+++ Entries shown

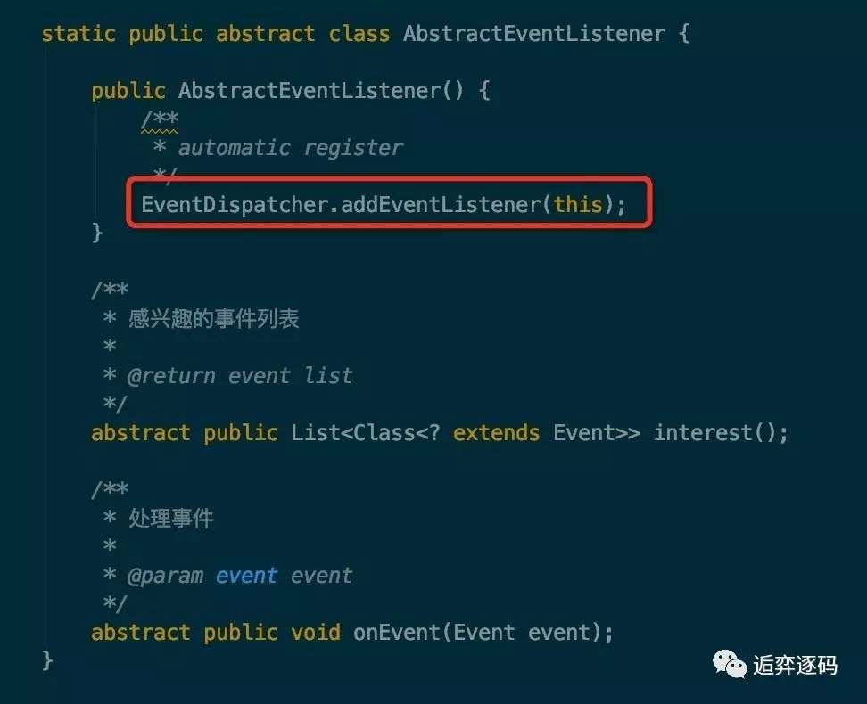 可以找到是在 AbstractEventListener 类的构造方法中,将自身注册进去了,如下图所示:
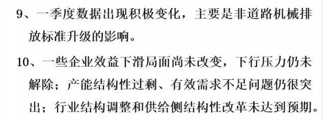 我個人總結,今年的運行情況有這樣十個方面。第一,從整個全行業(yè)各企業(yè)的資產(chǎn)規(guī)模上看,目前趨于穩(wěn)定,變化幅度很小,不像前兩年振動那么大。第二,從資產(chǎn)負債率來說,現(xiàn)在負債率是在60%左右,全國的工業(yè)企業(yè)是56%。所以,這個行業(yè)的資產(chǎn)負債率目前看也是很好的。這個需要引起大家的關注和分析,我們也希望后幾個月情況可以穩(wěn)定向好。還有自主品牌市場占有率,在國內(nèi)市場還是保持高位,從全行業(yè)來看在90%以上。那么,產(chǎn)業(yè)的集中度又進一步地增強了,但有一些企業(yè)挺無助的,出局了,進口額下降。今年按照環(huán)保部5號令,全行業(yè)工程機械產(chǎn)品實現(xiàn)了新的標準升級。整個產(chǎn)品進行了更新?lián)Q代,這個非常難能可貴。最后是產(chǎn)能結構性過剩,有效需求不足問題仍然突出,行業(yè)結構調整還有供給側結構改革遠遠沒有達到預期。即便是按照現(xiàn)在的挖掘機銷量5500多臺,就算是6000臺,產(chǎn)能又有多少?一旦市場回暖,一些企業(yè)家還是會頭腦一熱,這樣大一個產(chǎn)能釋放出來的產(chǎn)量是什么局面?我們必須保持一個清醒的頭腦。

++++++
+++ Entries shown

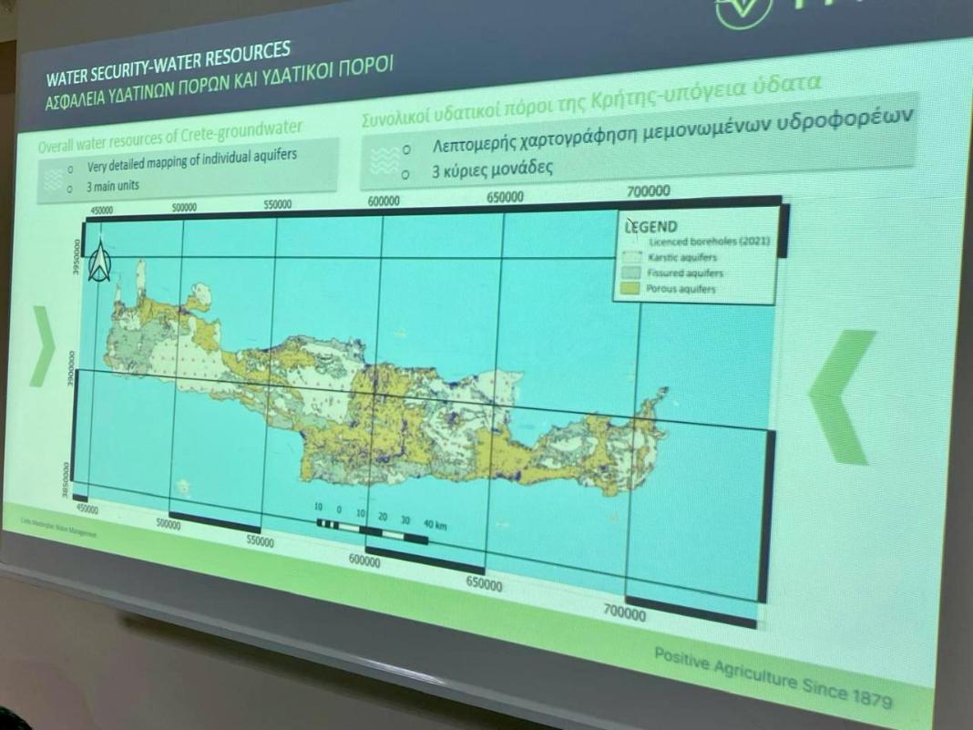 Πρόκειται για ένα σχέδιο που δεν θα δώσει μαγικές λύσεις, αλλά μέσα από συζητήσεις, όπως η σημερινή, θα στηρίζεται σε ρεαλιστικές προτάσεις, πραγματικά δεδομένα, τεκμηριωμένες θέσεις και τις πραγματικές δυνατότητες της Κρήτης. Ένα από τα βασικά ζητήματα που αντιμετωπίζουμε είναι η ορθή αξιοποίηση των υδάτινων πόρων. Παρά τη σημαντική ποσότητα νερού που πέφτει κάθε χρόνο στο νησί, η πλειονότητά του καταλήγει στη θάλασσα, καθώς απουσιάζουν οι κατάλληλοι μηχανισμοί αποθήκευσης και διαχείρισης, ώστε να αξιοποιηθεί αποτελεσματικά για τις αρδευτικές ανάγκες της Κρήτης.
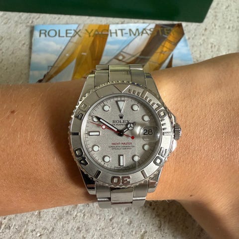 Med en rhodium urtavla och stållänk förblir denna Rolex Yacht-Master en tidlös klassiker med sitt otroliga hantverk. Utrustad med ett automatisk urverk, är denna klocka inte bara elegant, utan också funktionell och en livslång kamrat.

++++++
+++ Entries shown

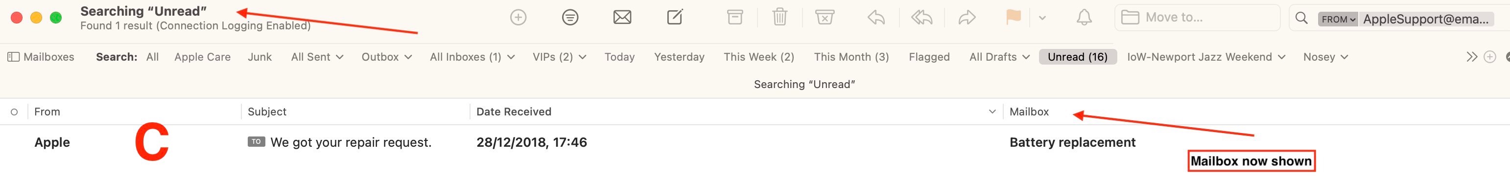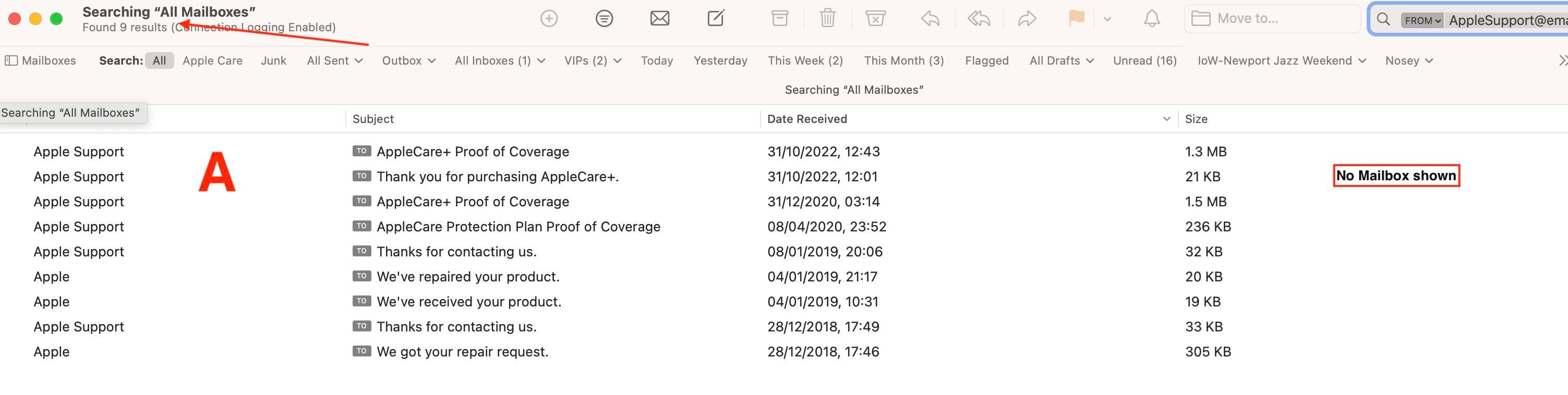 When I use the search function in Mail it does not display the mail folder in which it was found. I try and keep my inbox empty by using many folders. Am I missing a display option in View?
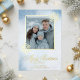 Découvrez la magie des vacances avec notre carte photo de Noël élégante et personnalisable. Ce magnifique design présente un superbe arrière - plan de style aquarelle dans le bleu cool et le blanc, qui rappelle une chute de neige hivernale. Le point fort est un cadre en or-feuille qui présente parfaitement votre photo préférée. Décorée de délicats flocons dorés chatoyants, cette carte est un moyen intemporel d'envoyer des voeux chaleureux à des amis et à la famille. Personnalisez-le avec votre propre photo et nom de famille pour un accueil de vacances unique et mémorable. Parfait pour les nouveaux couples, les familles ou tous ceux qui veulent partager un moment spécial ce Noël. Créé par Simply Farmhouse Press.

++++++

Skip every picture, and restate word for word only the lines above from the line containing "Πρόκειται για ένα" to the line containing "Med en rhodium", both of them included.

▶ _Task response_:
 Πρόκειται για ένα σχέδιο που δεν θα δώσει μαγικές λύσεις, αλλά μέσα από συζητήσεις, όπως η σημερινή, θα στηρίζεται σε ρεαλιστικές προτάσεις, πραγματικά δεδομένα, τεκμηριωμένες θέσεις και τις πραγματικές δυνατότητες της Κρήτης. Ένα από τα βασικά ζητήματα που αντιμετωπίζουμε είναι η ορθή αξιοποίηση των υδάτινων πόρων. Παρά τη σημαντική ποσότητα νερού που πέφτει κάθε χρόνο στο νησί, η πλειονότητά του καταλήγει στη θάλασσα, καθώς απουσιάζουν οι κατάλληλοι μηχανισμοί αποθήκευσης και διαχείρισης, ώστε να αξιοποιηθεί αποτελεσματικά για τις αρδευτικές ανάγκες της Κρήτης.
 Med en rhodium urtavla och stållänk förblir denna Rolex Yacht-Master en tidlös klassiker med sitt otroliga hantverk. Utrustad med ett automatisk urverk, är denna klocka inte bara elegant, utan också funktionell och en livslång kamrat.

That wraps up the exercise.